Detailed Experimental Plan

Step 1: DNA Construct Design (Week 1, estimated 3 days) Design the MIMO genetic circuit construct in Benchling, incorporating a T7 promoter, ribosome binding site (RBS), codon-optimized sfGFP insert, and T7 terminator as the baseline expression cassette. Annotate restriction enzyme sites (EcoRI, NdeI, BstYI confirmed from the plasmid map) for downstream cloning verification. Expected result: a fully annotated ~800 bp plasmid construct ready for synthesis.

Step 2: Twist Biosciences DNA Synthesis Order (Week 1, submission; Week 2, delivery) Submit the finalized sfGFP construct sequence to Twist Biosciences for gene synthesis. Specify the T7 promoter context and confirm codon optimization for E. coli expression. Expected result: arrival of lyophilized dsDNA within 5 to 7 business days.
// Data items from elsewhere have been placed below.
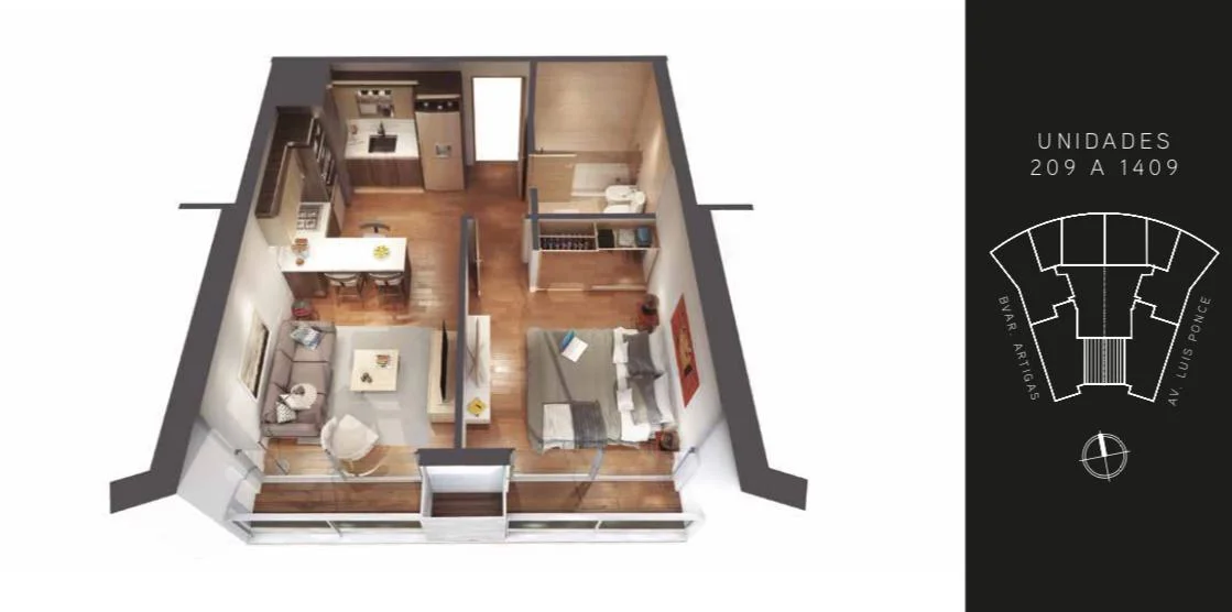 Apartamento premium de 1 Dormitorios en el piso 17, equipado con horno, anafe y campana de extracción, muebles bajo y sobre mesada. Pisos de porcelanato simil madera. Losa radiante por caldereta a gas sectorizada individual.
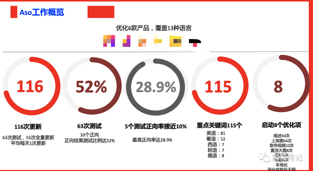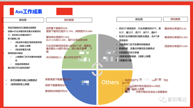 2. ASO 目标&策略 围绕自然量绝对值和相对值、CVR、热词数量、配合营销活动付费增长开展社媒运营综合小成本支持还是有一定的增长助力的,只是成果展示,每一个模块的数据分析能力都非常重要。 示例 1: 曾经带的增长团队君妍完成
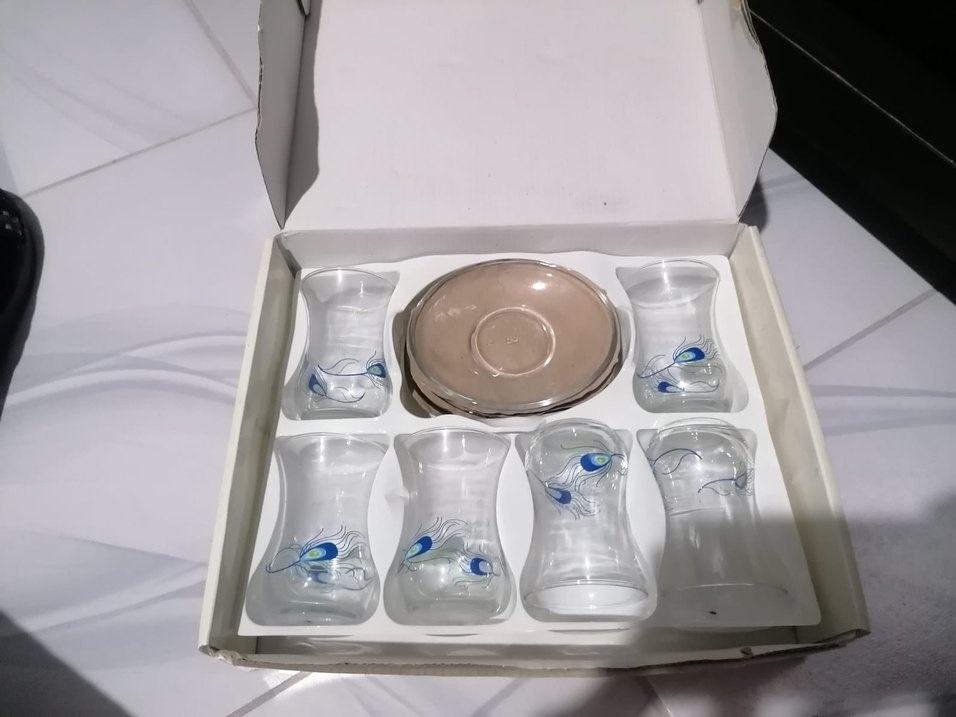 6 adet tavus kuşu desenli ince belli çay bardağı ve 6 adet tabaktan oluşan set. Sıfır ürün paketli
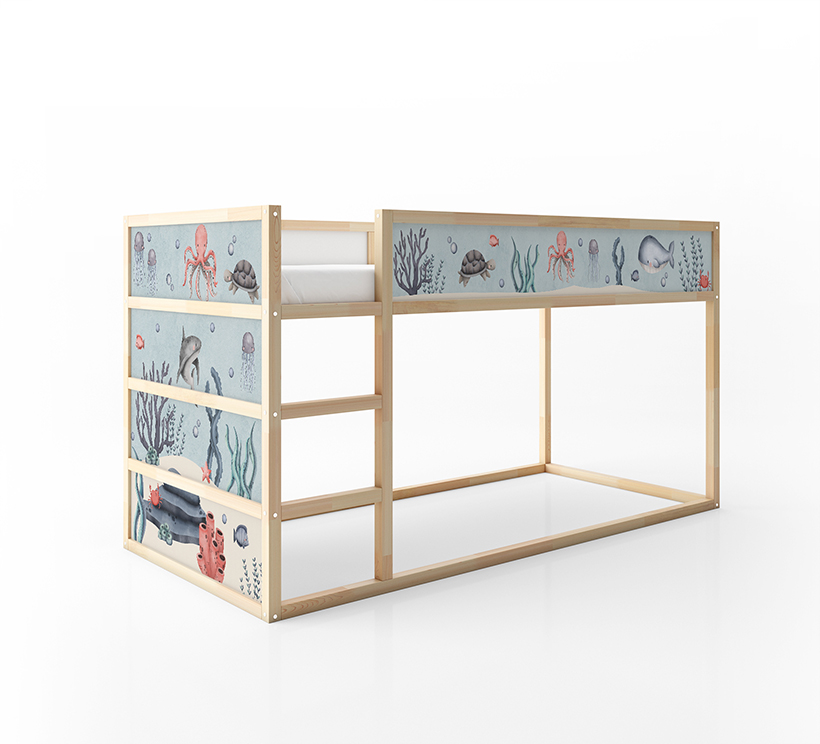 Maak je Ikea Kura bed helemaal hip met deze sticker met een onderwaterwereld thema erop.
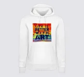 Rosso vivo, giallo brillante e il messaggio: "La vita è migliore con l'arte" Arte che motiva! Un'opera che rende visibile la gioia di vivere.
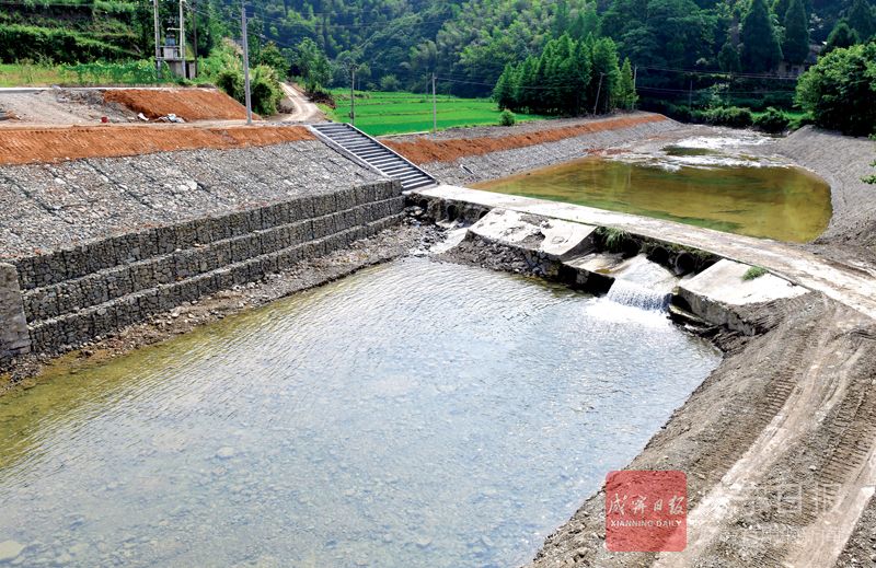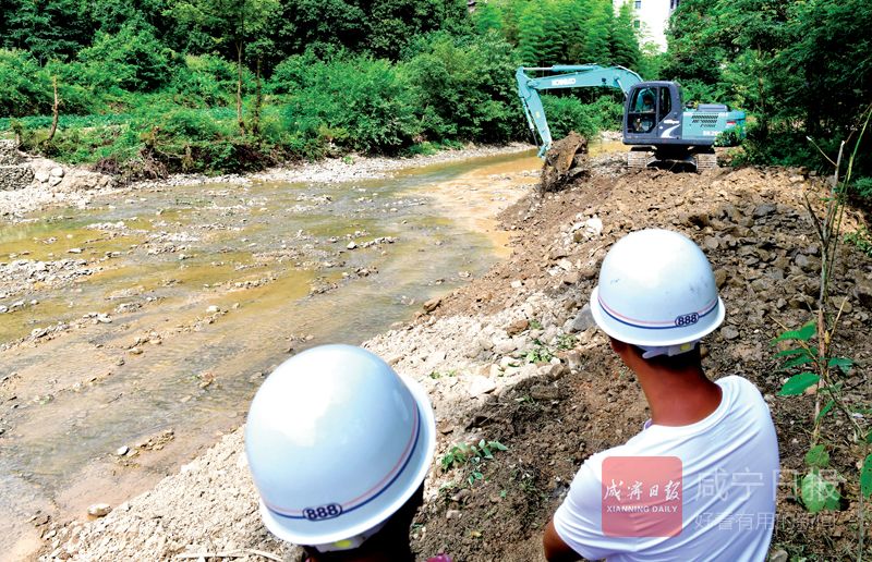 12日,崇陽縣白霓鎮(zhèn)河田港紙棚村段,大型挖掘機正在疏浚河堤護坡。

Step 3: Plasmid Preparation and Transformation (Week 2, estimated 2 days) Transform the synthesized construct into DH5alpha competent cells using heat shock protocol, plate on ampicillin LB agar, and grow overnight at 37°C. Pick 4 to 6 colonies and perform miniprep DNA extraction. Verify construct by Sanger sequencing using T7 promoter primer. Expected result: confirmed sequence-verified plasmid at concentration above 100 ng/uL.

Step 4: Cell-Free Master Mix Preparation (Week 2, estimated 1 day) Prepare the NMP-Ribose-Glucose 20-hour master mix at 2X concentration according to the HTGAA Cell-Free Master Mix Composition protocol, including potassium glutamate, HEPES-KOH pH 7.5, magnesium glutamate, potassium phosphate salts, ribose, glucose, AMP, CMP, GMP (via guanine salvage), UMP, amino acid mix, tyrosine, cysteine, and nicotinamide. Expected result: complete 2X master mix aliquoted and stored at -80°C.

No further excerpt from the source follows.